Boris Nadezhdin invited two categories of people to a dark and empty restaurant on the outskirts of Moscow on Thursday evening.
The most important of them were the wives of soldiers who were called up in the fall of 2022 to the war in Ukraine. The others were journalists. With some exceptions, only Western media attended.
Nadezhdin wanted to show her support for the women who are demanding that their mobilized men be allowed to return home. Some of them have been at war for nearly a year and a half.
– Those of you who do not want to be photographed can sit on the left. “Those of you who don't mind can sit on the right,” Nadezhdin told the women.
Many were excited, some a little scared. Some Russians working for Western media did not come because they were afraid that the FSB security police would come and register the participants.
He challenged Putin on state television
Boris Nadezhdin is the man who spoke before President Putin on the state television channel NTV. Twice even.
– “We must start negotiations on how to end the war,” Nadezhdin said on the “Meeting Place” program in September 2022.
He said that establishing a good relationship with Europe is more important than waging a colonial war in Ukraine.
In May last year, he referred to the presidential elections scheduled for March 17 this year and said that the country should choose a president other than Putin.
The presenters protested, smiled and inserted commercial breaks. Western commentators have analyzed whether the events indicate a “new openness.”
But no, Nadezhdin's result on state television remained unique.
Angry and disappointed women
– The ladies here are patriots. But the war made ordinary women turn against the authorities, Nadezhdin said when he opened the meeting.
Maria's husband and brother were among about 300,000 soldiers mobilized in September 2022. That is, they received a call-up and are therefore not voluntary contract soldiers.
– My husband has been in the trenches since last February. He did not see anything about rotating forces. Nor my brother.
– Maria asks what their fault? She almost feels terrible and wants them home.
Antonina has a 45-year-old man who suffers from chronic gastritis, or gastroenteritis. He was also summoned nearly a year and a half ago.
He thought he would be exempted, but at the mobilization center they claimed the documents might be “forged.”
He has not yet received any treatment for his stomach problems. But he is now in a hospital near the front because he was wounded in battle as a tank driver.
– Send him home, Antonina says when I ask her about her message to Putin.
The women are part of a loose network that calls itself “The Way Home.” They themselves say they count 39,000 soldiers' wives.

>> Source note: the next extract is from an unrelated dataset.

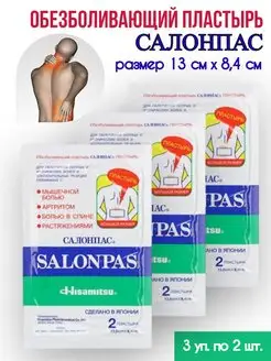 Salonpas Пластырь обезболивающий 13,0х8,4см 3 уп. по 2 шт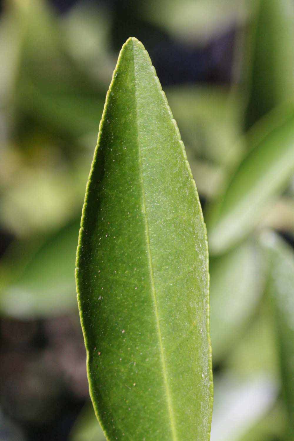 Crown compact or dense, not weeping. First-year twig surface glabrous; second- or third-year twig surface striate; thorns straight; prickles absent or not persistent. Petiole glabrous, length medium; wings absent or, if present, wide, adjoining the blade or tucking beneath blade. Leaflets one, margin crenate/crenulate or bluntly toothed, shade leaflet blades weakly conduplicate, sun leaflet blades weakly conduplicate. Scent of crushed leaflets sweetly orange-like. Fruit as broad as long or longer than broad; rind yellow (7-10), yellow-orange (11), orange (12), or red-orange (13); rind texture slightly rough (4-5); firmness leathery; navel absent; flesh orange; taste sour.

The basic requirement is to dismiss those who were summoned approximately a year and a half ago. They also have their own channel on the Russian messaging platform “Telegram”.
Collect signatures
– This meeting is unique. Other presidential candidates do not take the time to listen to voters, at least not to those critical of the war. Boris Nadezhdin himself says this.
He needs 100,000 signatures before January 31 to be registered as a presidential candidate.
This is the demand of the candidates who have a party behind them. It has the support of a small and somewhat unknown party, “Borgerinitiativet”.
Nadezhdin tells NRK he thinks it will work out.
– But don't those who sign that they support an opponent in war risk getting into trouble?
– They don't risk anything. The Russian Constitution stipulates that everyone has the right to criticize the current authorities. They can say that Putin is wrong, and that he is leading the country into a dead end.
This is what the former Deputy Speaker of the Duma, Russia's lower house of parliament, said. He clearly knows full well that the Constitution is no guarantee against being persecuted for speaking out against war.
There is also a law that punishes statements that defame the Russian Armed Forces with up to 15 years in prison.
But if he gets 100,000 signatures, will the Election Commission accept it?
– In my long political career, I have often collected signatures that were not approved, resulting in me not being registered.
– Last summer, I ran as a candidate for governor of the Moscow region. And you know what? It turned out that I had very few signatures because many of them were “so bad.”
No chance
This is just one of the many ways to stop people outside “the system.” The “system” in this context is the parties represented in the National Assembly, the Duma.
Boris Nadezhdin has no chance of becoming the next president of Russia. But the 60-year-old is not giving up, and the desire to help soldiers' wives seems sincere.
Many wonder why he is allowed to criticize the war and Putin as he does.
Perhaps this is because he does not have the same ability to mobilize and organize as opposition politician Alexei Navalny. He was placed in a concentration camp in northwestern Siberia.